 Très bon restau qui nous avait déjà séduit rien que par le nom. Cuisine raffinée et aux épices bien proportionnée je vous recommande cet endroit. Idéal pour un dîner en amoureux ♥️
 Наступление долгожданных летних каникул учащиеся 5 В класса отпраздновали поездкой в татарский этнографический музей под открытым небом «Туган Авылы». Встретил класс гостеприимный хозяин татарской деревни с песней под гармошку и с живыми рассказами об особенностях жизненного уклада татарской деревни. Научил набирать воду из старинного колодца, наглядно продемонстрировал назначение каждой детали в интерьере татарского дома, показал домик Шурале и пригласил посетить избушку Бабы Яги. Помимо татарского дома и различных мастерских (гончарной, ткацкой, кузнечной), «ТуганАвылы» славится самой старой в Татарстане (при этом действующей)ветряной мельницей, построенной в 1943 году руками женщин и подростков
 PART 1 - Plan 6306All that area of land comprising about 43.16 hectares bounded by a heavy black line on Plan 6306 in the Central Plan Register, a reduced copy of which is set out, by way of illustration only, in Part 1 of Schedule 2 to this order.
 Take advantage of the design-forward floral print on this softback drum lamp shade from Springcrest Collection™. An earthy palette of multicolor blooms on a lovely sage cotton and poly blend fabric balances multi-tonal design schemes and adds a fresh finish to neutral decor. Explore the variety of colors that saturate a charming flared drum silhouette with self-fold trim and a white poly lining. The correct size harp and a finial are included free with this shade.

⁂

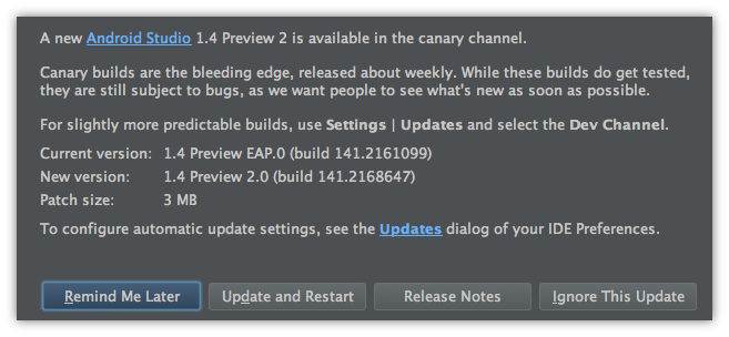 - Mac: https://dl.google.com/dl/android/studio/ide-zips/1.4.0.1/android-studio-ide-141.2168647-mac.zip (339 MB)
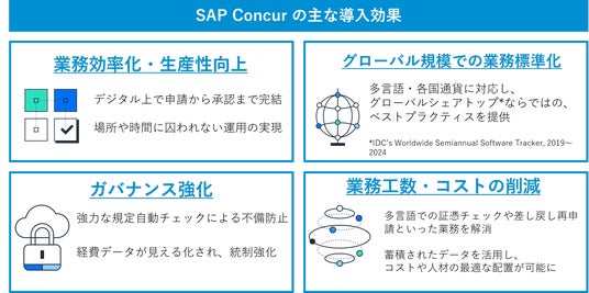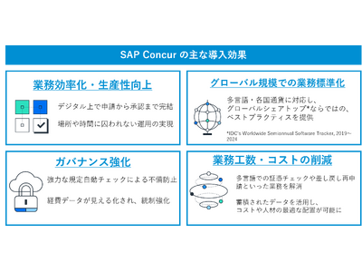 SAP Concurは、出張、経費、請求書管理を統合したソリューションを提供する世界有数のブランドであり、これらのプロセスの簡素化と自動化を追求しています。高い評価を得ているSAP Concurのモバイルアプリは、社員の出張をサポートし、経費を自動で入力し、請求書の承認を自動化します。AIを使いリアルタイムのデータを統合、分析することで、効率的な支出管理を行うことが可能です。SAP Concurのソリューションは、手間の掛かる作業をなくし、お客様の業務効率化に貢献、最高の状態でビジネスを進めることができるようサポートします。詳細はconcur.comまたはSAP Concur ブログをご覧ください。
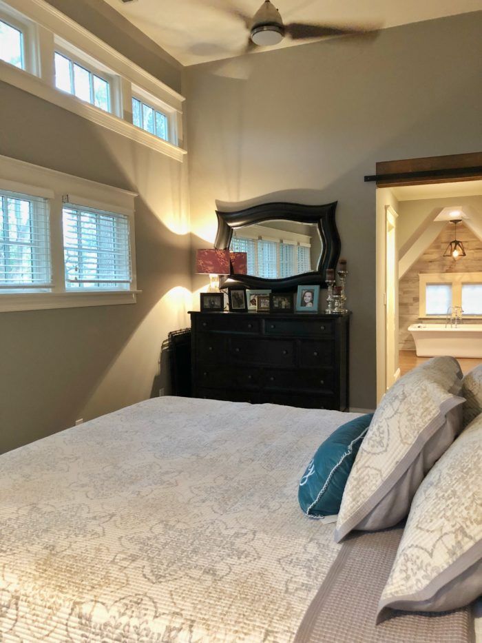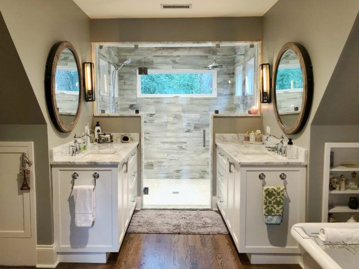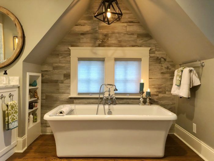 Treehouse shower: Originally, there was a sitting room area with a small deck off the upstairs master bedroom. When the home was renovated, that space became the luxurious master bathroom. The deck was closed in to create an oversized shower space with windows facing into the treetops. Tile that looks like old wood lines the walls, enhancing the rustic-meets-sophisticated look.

⁂

- _The task_: Set down, exactly as they stand above, the lines starting with the line with "PART 1 - Plan" and going on through the line with "Take advantage of", and no others.

- _Result below_:
 PART 1 - Plan 6306All that area of land comprising about 43.16 hectares bounded by a heavy black line on Plan 6306 in the Central Plan Register, a reduced copy of which is set out, by way of illustration only, in Part 1 of Schedule 2 to this order.
 Take advantage of the design-forward floral print on this softback drum lamp shade from Springcrest Collection™. An earthy palette of multicolor blooms on a lovely sage cotton and poly blend fabric balances multi-tonal design schemes and adds a fresh finish to neutral decor. Explore the variety of colors that saturate a charming flared drum silhouette with self-fold trim and a white poly lining. The correct size harp and a finial are included free with this shade.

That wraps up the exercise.